Honest splitting#

Decision trees generally use the training data twice during fitting: Once for deciding where to create splits resulting in the tree structure and once to create a prediction for each leaf node.

While such a double use of the data may lead to overfitting, the effect is often negligible, in particular when otherwise regularizing (e.g., fitting a forest or constraining the maximum depth). Nevertheless it can be beneficial to adapt the splitting to improve generalization performance. One way of achieving this is via honest splitting (Athey and Imbens, 2016). The approach was originally developed in the context of causal effect estimation, where the bias is shown to be reduced by honest splitting allowing for inference on the causal effects.

Below we provide a short overview of honest splitting and explain how to use it in adaXT.

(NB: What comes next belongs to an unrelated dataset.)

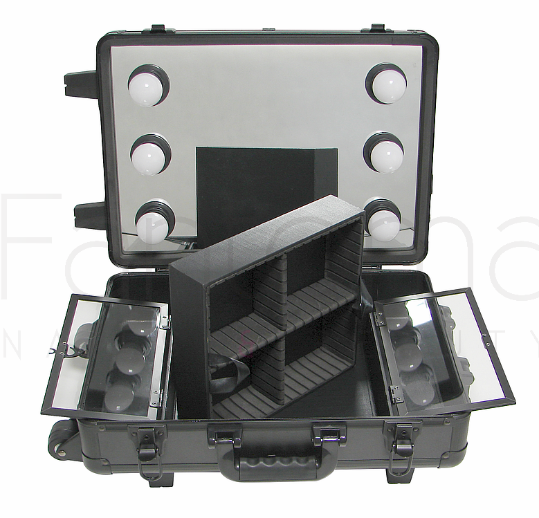 Mobilny kufer na kółkach z przenośną stacją do makijażu.
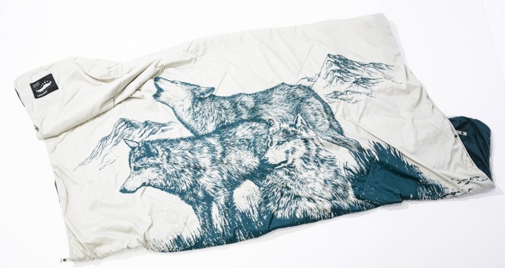 荒野の狼たちが大胆に描かれた大判ブランケット。

Honest splitting in adaXT#

In its most basic form honest splitting consists of dividing the training data into two disjoint subsets; a fitting set, called fitting_indices in the code, used to create a fitted tree and a prediction set, called prediction_indices in the code, used to populate the leaf nodes that are later used when predicting.

This basic version of honest splitting can be performed manually in adaXT by using the refit_leaf_nodes function as follows:

from adaXT.decision_tree import DecisionTree
import numpy as np

# Create toy training data
n = 100
X = np.random.normal(0, 1, (n, 2))
Y = 2.0 * (X[:, 0] > 0) + np.random.normal(0, 0.25, n)

# Split training data
fitting_indices = np.arange(0, int(n/2))
prediction_indices = np.arange(int(n/2)+1, n)

# Fit a regression decision tree using only fitting_indices
tree = DecisionTree("Regression", max_depth=5)
tree.fit(X, Y, sample_indices=fitting_indices)

# Predict on two test points
print(tree.predict(np.array([[-1, 0], [1, 0]])))

# Refit tree using only prediction_indices
tree.refit_leaf_nodes(X, Y, sample_indices=prediction_indices)

# Predict on the same two test points
print(tree.predict(np.array([[-1, 0], [1, 0]])))

Using the refit_leaf_nodes function directly is tedious when fitting random forests. Therefore the RandomForest class has an optional parameter to perform honest splitting. The precise behaviour is controlled by the parameters sampling and sampling_args. Currently there are two version of honest splitting available:

honest_tree: In this case, for each tree in the forest, a new split into fitting_indices and prediction_indices is randomly drawn and used to fit and refit the tree, respectively. Unlike in a classical random forest that draws a bootstrap sample, this approaches first for each tree randomly divides the training data into two parts (controlled by sampling_args['split']) and then from each draws a separate random sample (controlled by sampling_args['size'] and sampling_args['replace']). The first subsample (the fitting_indices) is then used to create splits and the second (the prediction_indices) to populate the leaf nodes.
honest_forest: In this case, the data is split only once into two parts (controlled by sampling_args['split']) instead of randomly for each tree (note that the split is done without permuting, which means that order in the data may affect results). For each tree a random subsample is drawn for each part (the fitting_indices and the prediction_indices). Again this resampling is controlled by sampling_args['size'] and sampling_args['replace']. This approach ensures a total separation between the data used to create the splits and the data used to populate the leafs. Importantly, this guarantees (for independent training samples) that the resulting random forest weights (extracted using predict_weights) are independent of the samples corresponding to the fitting_indices.